How does lead get in drinking water?
In Massachusetts, most drinking water sources like reservoirs and groundwater are lead free. When lead is present in water, it is typically due to the water flowing through lead pipes or plumbing in homes with lead parts or solder. Service lines, which are the pipes that connect your home to the water main, could have lead in them. Inside your home, you may have lead pipes, copper pipes connected with lead solder, or brass faucets or fittings containing lead. Lead levels are highest when the water has been sitting in lead pipes for several hours. Hot water causes lead to enter water faster.

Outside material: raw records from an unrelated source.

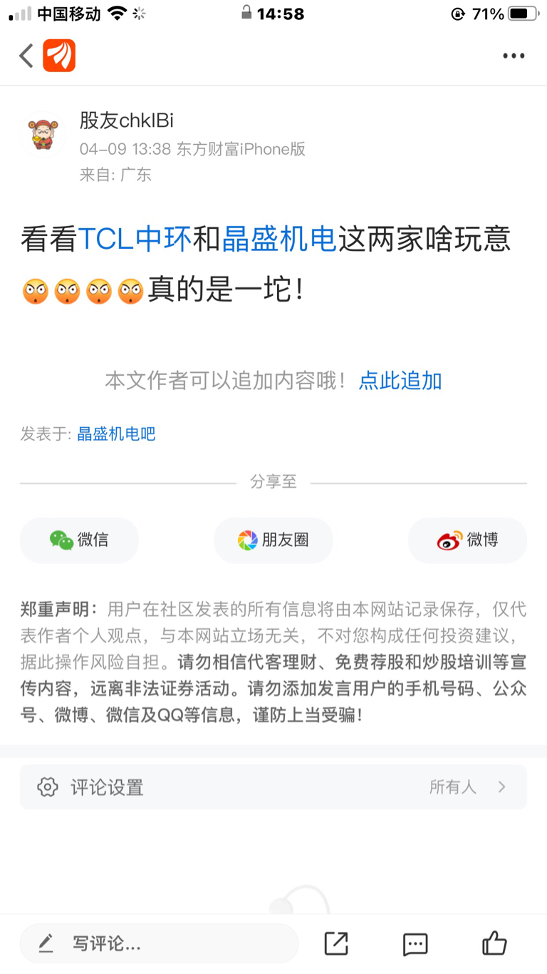 温馨提示: 1.根据《证券法》规定,禁止编造、传播虚假信息或者误导性信息,扰乱证券市场;2.用户在本社区发表的所有资料、言论等仅代表个人观点,与本网站立场无关,不对您构成任何投资建议。用户应基于自己的独立判断,自行决定证券投资并承担相应风险。《东方财富社区管理规定》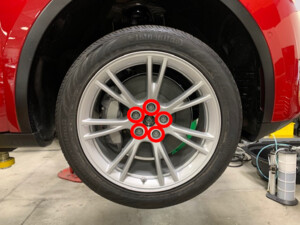 注确保车辆在升离地面前未处于充电状态,将空气悬架设置为“千斤顶模式”(如有配备)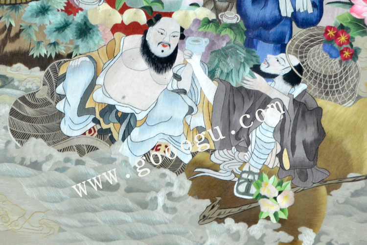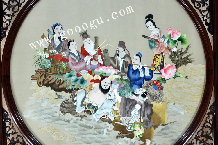 【產(chǎn)品名稱】:蘇繡屏風---八仙過海(雙面繡) (作品代碼:P-1067) 【產(chǎn)品規(guī)格】:圖案尺寸直徑為100cm的圓 外框整體尺寸寬170cm,高215cm 【產(chǎn)品工藝】:手工刺繡 【產(chǎn)品材質(zhì)】:真絲面料+紅木框+桑蠶絲線+玻璃 【產(chǎn)品包裝】:木箱包裝,用海綿包扎,確保運輸安全 【出廠價】:68000元 【產(chǎn)品運輸】:我司負責發(fā)往客戶指定地點,蘇州附近城市可送貨上門! 【產(chǎn)品說明】:此款雙面繡屏風,是由蘇州工藝師耗時五個月精心手工刺繡而成,刺繡圖案以中國傳統(tǒng)文化中八仙過海為題材繡工精細,人物形象刻畫的細致入微,表情更是神態(tài)不一,顏色搭配均勻過渡自然,整體給人舒適,愜意之感,屏風的框架選用紅木為料,此款蘇繡屏風適合企事業(yè)大堂或大廳的裝飾!歡迎親臨嬌古蘇繡展示廳觀看實物! 【作品欣賞】 .jpg)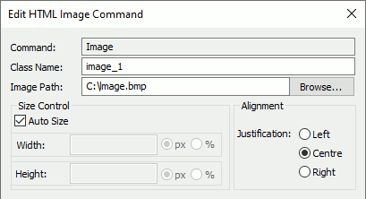 Double clicking on the command will open the Edit HTML Image Command dialog from where you can define: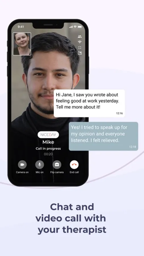 ● Start your mental health journey by yourself, or use NiceDay as an online therapy tool with a professional.

How does lead get in my body?
In many cases, most exposure to lead is from paint dust, paint chips, and soil contaminated with lead. Lead can also get into your body by drinking or cooking with water containing lead. Lead is not absorbed through the skin. Bathing or showering in water containing lead should be safe.

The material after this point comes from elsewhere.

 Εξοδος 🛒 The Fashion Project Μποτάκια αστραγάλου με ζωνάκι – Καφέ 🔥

Most children come into contact with lead by being exposed to the paint in old homes. When old paint that contains lead peels and cracks, it creates lead dust and chips. Home renovation may also create significant amounts of lead dust and must be done with caution. Lead dust can be breathed in or get onto hands and toys. Lead intake often occurs when children put their hands and toys in their mouths.
Should I have my children tested?
Children under the age of 6 years old are at greatest risk because they are growing so rapidly and because they tend to put their hands or other objects, which may be contaminated with lead dust, into their mouths. In Massachusetts, children must be tested for lead at ages 9-12 months, 2 years old, 3 years old, and, if you live in a high risk neighborhood, 4 years old. Every child must have at least one blood lead level test before they begin kindergarten.

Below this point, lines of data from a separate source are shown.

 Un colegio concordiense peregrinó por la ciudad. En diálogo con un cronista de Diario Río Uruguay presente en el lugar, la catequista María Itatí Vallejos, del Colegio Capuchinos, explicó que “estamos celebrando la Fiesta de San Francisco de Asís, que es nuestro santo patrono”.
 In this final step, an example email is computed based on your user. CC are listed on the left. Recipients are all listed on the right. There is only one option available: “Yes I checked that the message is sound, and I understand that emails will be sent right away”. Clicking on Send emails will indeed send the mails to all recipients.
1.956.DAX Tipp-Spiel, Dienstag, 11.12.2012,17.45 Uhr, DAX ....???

These standard testing procedures are likely adequate for the vast majority of Newton residents. If you have additional concerns and would like your child tested further, please discuss with your pediatrician. If you do choose to have your child tested, a blood sample taken from the child’s vein is more accurate than a sample taken from the child’s finger. Please know that the cost of any blood lead level testing will be the responsibility of the resident.
How can I reduce the risk of lead exposure from drinking water?
If your water has gone unused for more than 6 hours, run any faucet used for drinking or cooking until the water becomes cold before using.
Use only cold water for drinking, cooking, and making baby formula/food for infants.
Please note that boiling water does not eliminate lead. If there is lead in your water, boiling it will increase lead levels.
Please go to www.MWRA.com for a full explanation of ways to reduce your exposure to lead in tap water.
How is the water tested in Newton Public Schools?
For the past 14 years, the City has complied with state mandated water testing in schools which involved selected sampling in two schools a year on a rotating basis. This year, based on reports of lead in water in other communities, we decided to go beyond the required testing and sample two water fountains in each of the school buildings. Two samples are taken from each of the tested water fountains. The first sample is labeled first draw (FD) and is taken right when the fountain is turned on. The second sample is taken after the fountain has run for 10 minutes and is labeled flush (F). For lead, the Environmental Protection Agency (EPA) requires remedial action for test results above 15 ug/L. Click here to see results from the 2016 tests of Newton Public Schools.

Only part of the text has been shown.